Public defence from the Aalto University School of Electrical Engineering, Department of Information and Communications Engineering
Abstract visualization of the Sines-Transients-Noise decomposition

The title of the thesis: Audio Decomposition for Time Stretching

Doctoral student: Leonardo Fierro
Opponent: Prof. Simon Dixon, Queen Mary University of London, UK 
Custos: Prof. Vesa Välimäki, Aalto University School of Electrical Engineering, Department of Information and Communications Engineering 

Time stretching is an audio signal processing task that involves slowing down a sound without altering its frequency content.

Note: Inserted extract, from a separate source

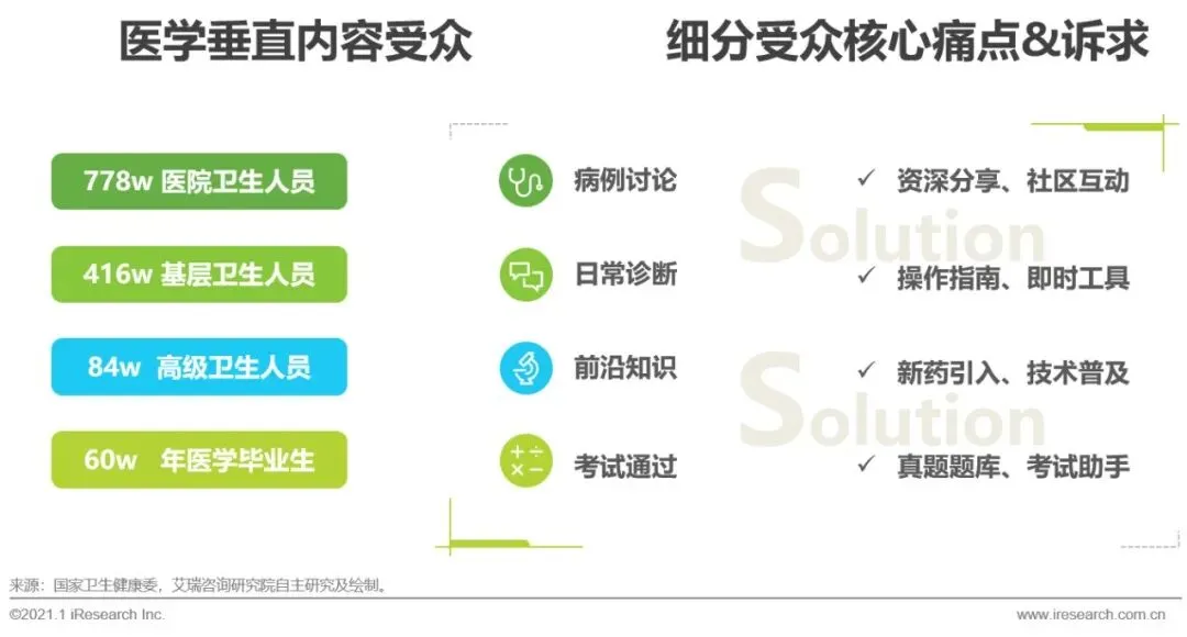 对于医学生来说,第一需求为考试的通过率,这是医学垂直内容的第一入口,医学生中50%-60%未来会成为医生继续作为内容受众。另外,针对基层医生和专业医生,理论知识难以与实际相结合,一方面需要大量的病例讨论,可以通过资深医生的总结和社区性的互动交流解决;第二方面是操作指南,它的价值是医生保护伞,用于即时医疗、诊断质量、安全性等;第三方面是新药、新技术的普及,对于资深级别的医生具有较高的价值。

The research presented in this thesis explores transients and noise sounds in the context of audio processing and investigates the use of sound decomposition to improve the quality of time stretching for normal and extreme stretching factors. 

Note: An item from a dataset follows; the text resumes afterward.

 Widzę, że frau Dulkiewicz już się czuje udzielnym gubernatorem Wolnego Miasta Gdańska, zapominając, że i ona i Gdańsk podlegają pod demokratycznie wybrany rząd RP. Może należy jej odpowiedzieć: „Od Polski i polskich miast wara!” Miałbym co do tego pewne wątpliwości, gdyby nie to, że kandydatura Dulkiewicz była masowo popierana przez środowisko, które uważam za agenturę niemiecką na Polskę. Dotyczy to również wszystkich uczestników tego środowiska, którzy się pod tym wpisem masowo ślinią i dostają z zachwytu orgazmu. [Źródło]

Traditionally, time-stretching methods often introduce artifacts, such as phasiness and transient smearing, especially when the stretching factor is large. To address the issue, this thesis introduced an improved method to decompose sounds into their constituent sine, transient, and noise components, and a different processing technique can be separately applied to each individual class. This allows for better preservation of transient features, even at extreme stretching factors, and improves the perceived quality of time-stretched audio signals compared to traditional methods. 

This thesis also presents an alternative audio-visual evaluation method for audio decomposition using an interactive audio player application, where access to the individual sinusoidal, transient, and noise classes is granted through a graphical user interface. This application aims at covering the shortcomings of misused objective metrics and promotes experimenting with the sound decomposition process by observing the effect of variations for each spectral component on the original sound and by comparing different methods against each other, evaluating the separation quality both audibly and visually. 

This thesis also discusses the motivation behind the use of the sines-transient-noise decomposition for time stretching by analyzing the performance drop in a well-known time-stretching method due to incorrect transient and noise handling. This work shows that, by adopting the proposed three-way decomposition within its framework, the performance of the aforementioned method is increased. 

The noise component is typically overlooked by conventional time-stretching methods. This thesis introduces a novel hybrid design using a deep learning model to generate the stretched noise component with high quality even for extreme stretching factors, when the sound is slowed down by more than four times as it happens for slow motion sport videos or synthesis of ambient music. A simple and effective solution named noise morphing is proposed, producing state-of-the-art results across a wide range of inputs and stretching factors.